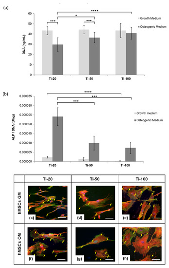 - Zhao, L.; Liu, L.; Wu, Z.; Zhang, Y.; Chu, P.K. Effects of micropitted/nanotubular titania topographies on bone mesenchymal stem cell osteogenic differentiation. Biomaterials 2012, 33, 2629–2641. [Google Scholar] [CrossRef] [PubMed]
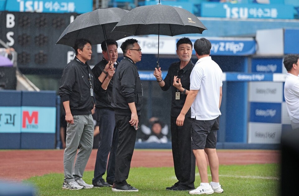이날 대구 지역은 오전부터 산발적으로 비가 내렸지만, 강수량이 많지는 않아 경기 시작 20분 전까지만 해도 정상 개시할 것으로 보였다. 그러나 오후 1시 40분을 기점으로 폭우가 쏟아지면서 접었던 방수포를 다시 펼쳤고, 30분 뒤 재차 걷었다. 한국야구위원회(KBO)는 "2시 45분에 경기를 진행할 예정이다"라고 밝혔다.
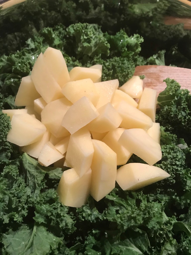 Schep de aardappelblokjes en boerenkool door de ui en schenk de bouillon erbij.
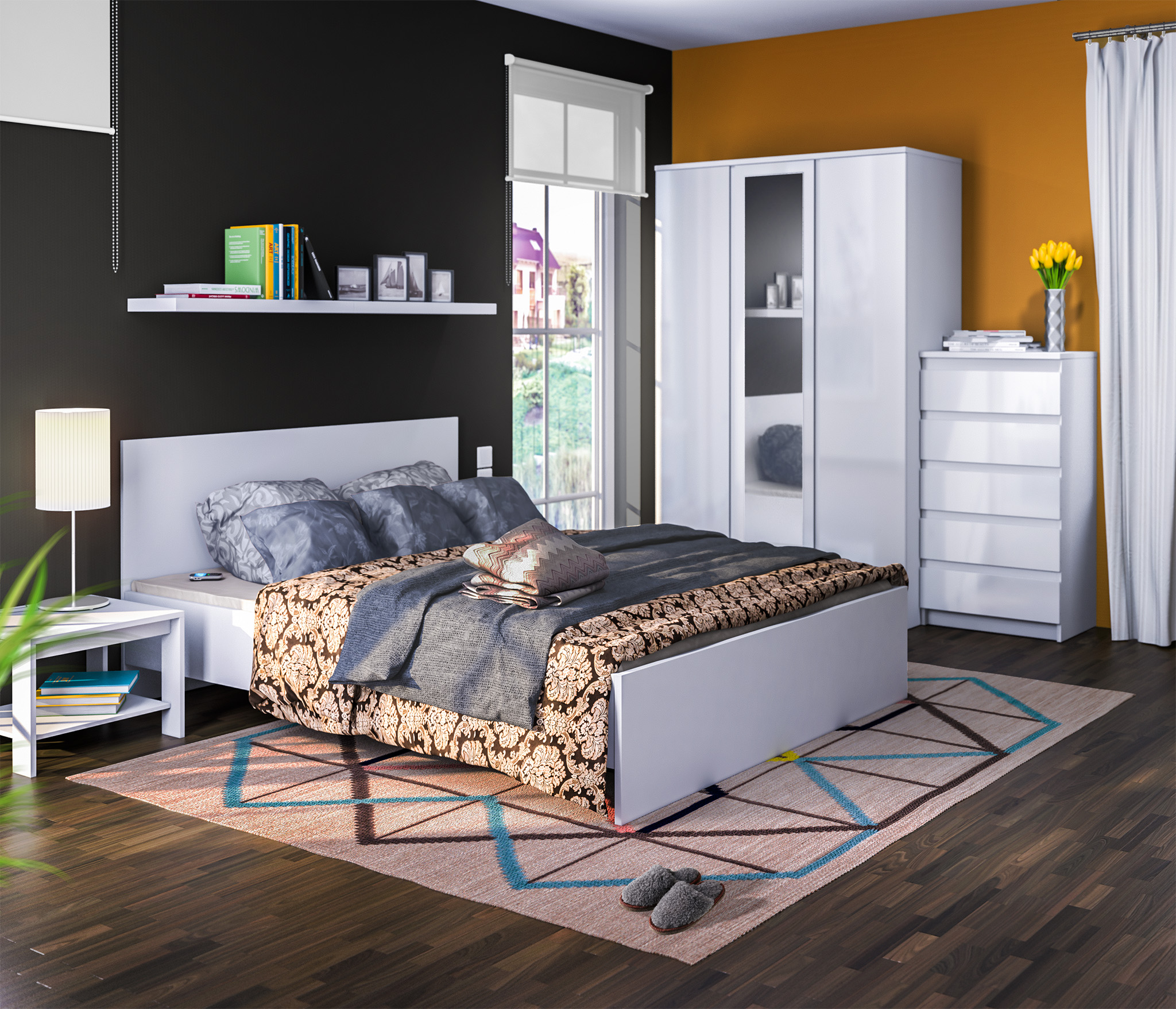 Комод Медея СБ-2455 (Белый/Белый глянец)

* * *

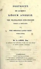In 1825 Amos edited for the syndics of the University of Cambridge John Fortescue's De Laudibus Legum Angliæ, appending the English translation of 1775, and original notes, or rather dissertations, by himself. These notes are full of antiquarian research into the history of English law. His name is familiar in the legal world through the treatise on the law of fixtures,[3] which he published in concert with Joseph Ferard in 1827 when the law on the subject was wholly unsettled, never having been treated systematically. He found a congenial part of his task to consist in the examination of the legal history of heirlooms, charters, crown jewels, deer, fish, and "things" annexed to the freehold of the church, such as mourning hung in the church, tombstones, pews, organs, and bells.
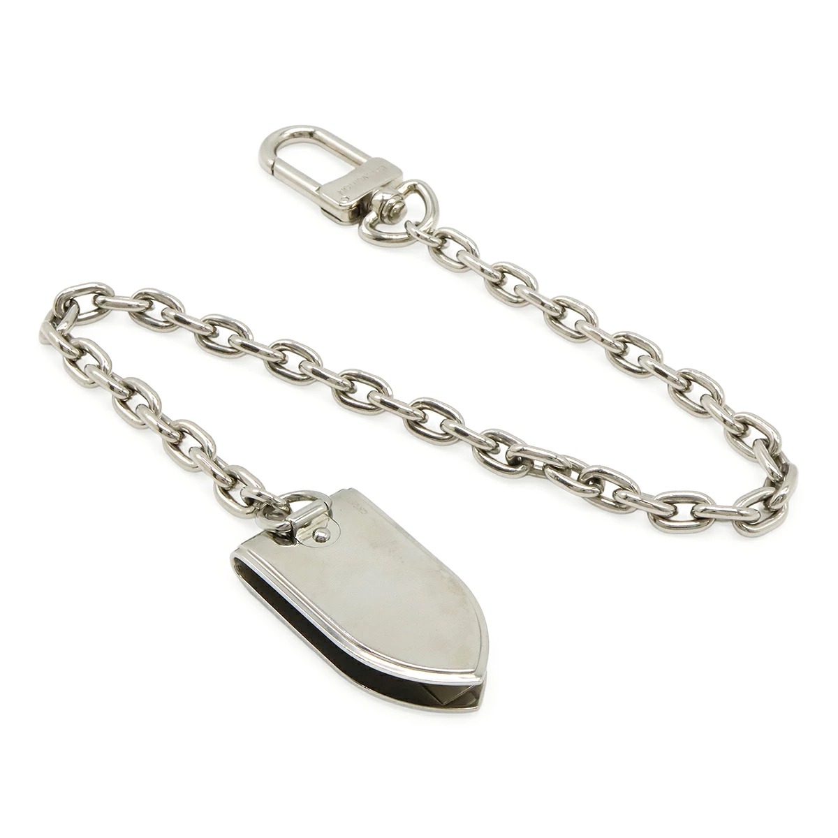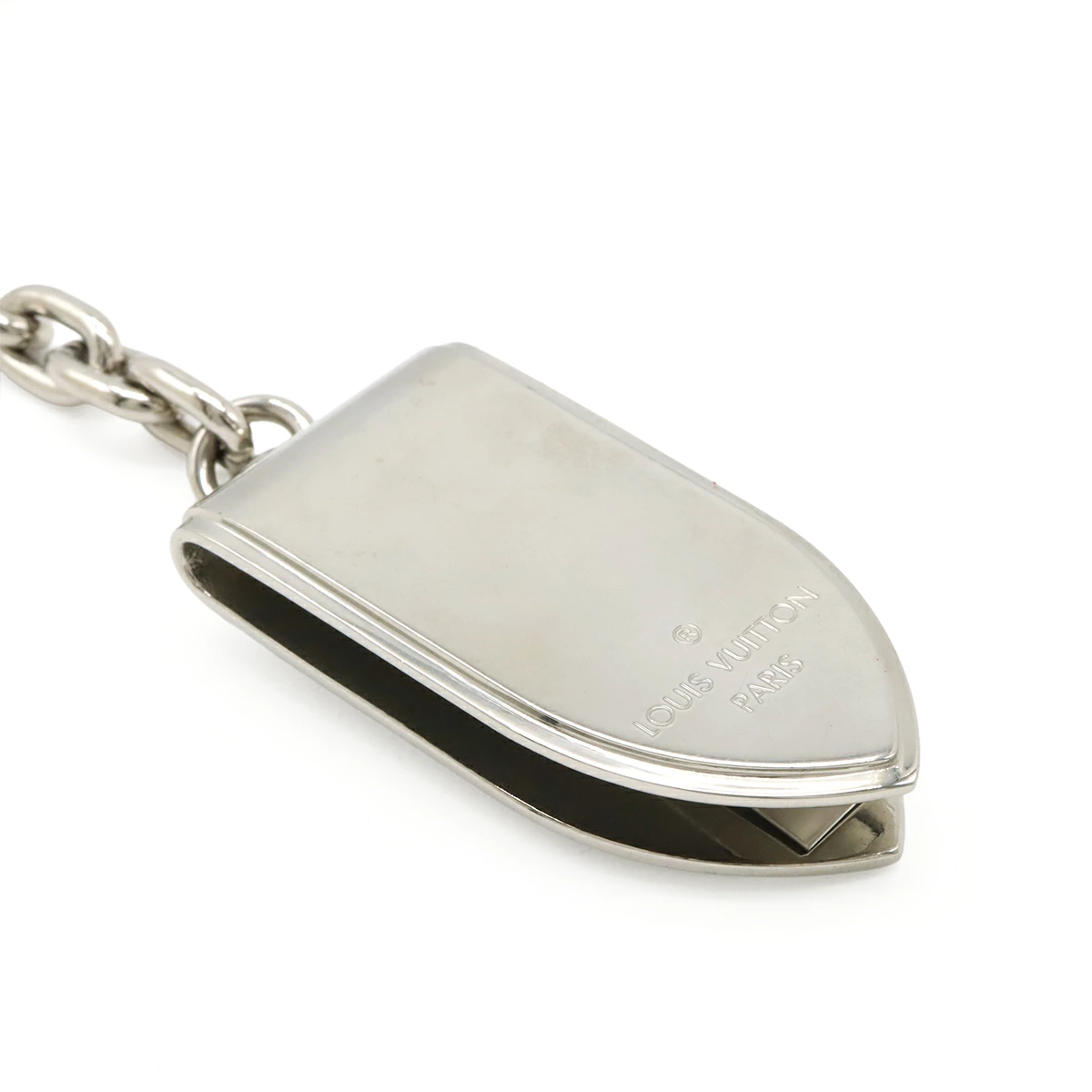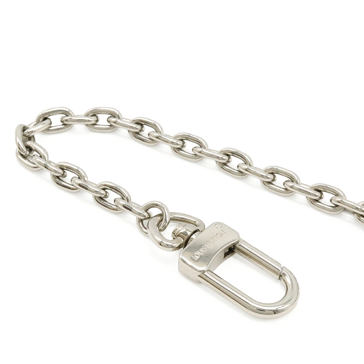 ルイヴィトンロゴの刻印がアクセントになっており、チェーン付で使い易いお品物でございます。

## What to work on
Extract, without any images, the part of the material above that opens with the line containing "- Zhao, L.;" and closes with the line containing "이날 대구 지역은 오전부터", both lines included.

## Response box
 - Zhao, L.; Liu, L.; Wu, Z.; Zhang, Y.; Chu, P.K. Effects of micropitted/nanotubular titania topographies on bone mesenchymal stem cell osteogenic differentiation. Biomaterials 2012, 33, 2629–2641. [Google Scholar] [CrossRef] [PubMed]
이날 대구 지역은 오전부터 산발적으로 비가 내렸지만, 강수량이 많지는 않아 경기 시작 20분 전까지만 해도 정상 개시할 것으로 보였다. 그러나 오후 1시 40분을 기점으로 폭우가 쏟아지면서 접었던 방수포를 다시 펼쳤고, 30분 뒤 재차 걷었다. 한국야구위원회(KBO)는 "2시 45분에 경기를 진행할 예정이다"라고 밝혔다.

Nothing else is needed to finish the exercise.